Often, coeditors collaborate in assembling a collection of works precisely because they share a common perspective. Sometimes, however, diverse approaches may spawn genuinely productive discourse on issues of common interest. As Thomas Jefferson mused, there are times when 'difference of opinion leads to inquiry, and inquiry to truth.' In this case, the coeditors certainly share a deep interest in environmental aesthetics, but it is also the positive tension of their divergent perspectives – one more cognitivist, the other more engaged and 'non-conceptualist' – that ensures [End Page 317] a breadth and richness of dialogue that is essential to a genuine collection of works.
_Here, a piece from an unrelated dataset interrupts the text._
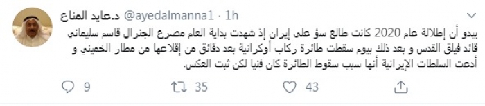 وقال في تغريدة عبر "تويتر" رصدها "المشهد العربي": "يبدو أن إطلالة عام 2020 كانت طالع سوء على إيران إذ شهدت بداية العام مصرع الجنرال قاسم سليماني قائد فيلق القدس وبعد ذلك بيوم سقطت طائرة ركاب أوكرانية بعد دقائق من إقلاعها من مطار الخميني وإدعت السلطات الإيرانية أنها سبب سقوط الطائرة كان فنيا لكن ثبت العكس".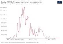 This is the country's largest-ever immunization campaign, aiming to administer over 150 million doses.[15] As of 6 April 2022, Vietnam has administered 207,235,119 vaccine doses across the country.[16]

The introduction to this volume is, by itself, a worthy preamble to the emerging field of environmental aesthetics as a whole. It begins with a discussion of how the earlier eighteenth-century 'scenic' models of aesthetics – disinterested and formalistic in nature – have come to be challenged by a new, expressionist paradigm of art as a richer, emotionally charged engagement with cultural artifacts and critical practices. While artists have increasingly affirmed 'the continuity of art and life in their works,' the editors point out that the natural world has been 'left behind' in this paradigm shift – an oversight which has only recently begun to be addressed by philosophers.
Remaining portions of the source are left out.